The first two of those treat psychosis by blocking this 5HT2A receptor. Pimavenserin is an inverse agonist at 5HT2A, which means it activates the receptor but causes it act in a way that’s opposite of how an agonist would make it act. Lumateperone – Caplyta – is a neutral antagonist, which means it doesn’t have any direct effects on the receptor, but stands in the way so that nothing else can affect it. The third medication – psilocybin – is an agonist at 5HT2A, and it’s this agonist effect that is thought responsible for it’s antidepressant effect as well as its notorious side effects – hallucination, dissociation, and panic.

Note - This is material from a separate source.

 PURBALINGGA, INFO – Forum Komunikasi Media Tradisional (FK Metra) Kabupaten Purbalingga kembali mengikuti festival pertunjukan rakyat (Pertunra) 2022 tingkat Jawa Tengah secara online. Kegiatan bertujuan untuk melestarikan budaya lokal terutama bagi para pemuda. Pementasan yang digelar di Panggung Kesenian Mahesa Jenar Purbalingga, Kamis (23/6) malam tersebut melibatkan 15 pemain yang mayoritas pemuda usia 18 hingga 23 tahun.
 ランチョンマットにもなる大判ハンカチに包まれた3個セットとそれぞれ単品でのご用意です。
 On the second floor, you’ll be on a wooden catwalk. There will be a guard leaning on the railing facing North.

That’s right, activating serotonin can cause psychosis and panic, at least if it’s the 5HT2A that gets activated. This is pretty new territory, so let’s start with an overview of 5HT2A.

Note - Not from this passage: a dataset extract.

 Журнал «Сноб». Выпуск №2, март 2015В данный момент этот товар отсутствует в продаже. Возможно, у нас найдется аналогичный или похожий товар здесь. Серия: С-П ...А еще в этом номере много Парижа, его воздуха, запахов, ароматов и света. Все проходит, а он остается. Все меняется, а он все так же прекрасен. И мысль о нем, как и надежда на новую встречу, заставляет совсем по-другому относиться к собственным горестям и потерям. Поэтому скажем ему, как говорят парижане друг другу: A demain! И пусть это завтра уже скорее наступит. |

Serotonin was first identified in the 1940’s by Maurice Rapport who discovered that it works as a vasoconstrictor in the serum, i.e. it was a tonic that increased the vascular tone. He put those two words together – “serum” and “tonic” – and came up with the name Serotonin. It’s official chemical name is 5-HT, which is short for 5-hydroxytryptamine. So when you see the word “5-HT” just think “serotonin.” In fact Serotonin is a great name so let’s just stick with that.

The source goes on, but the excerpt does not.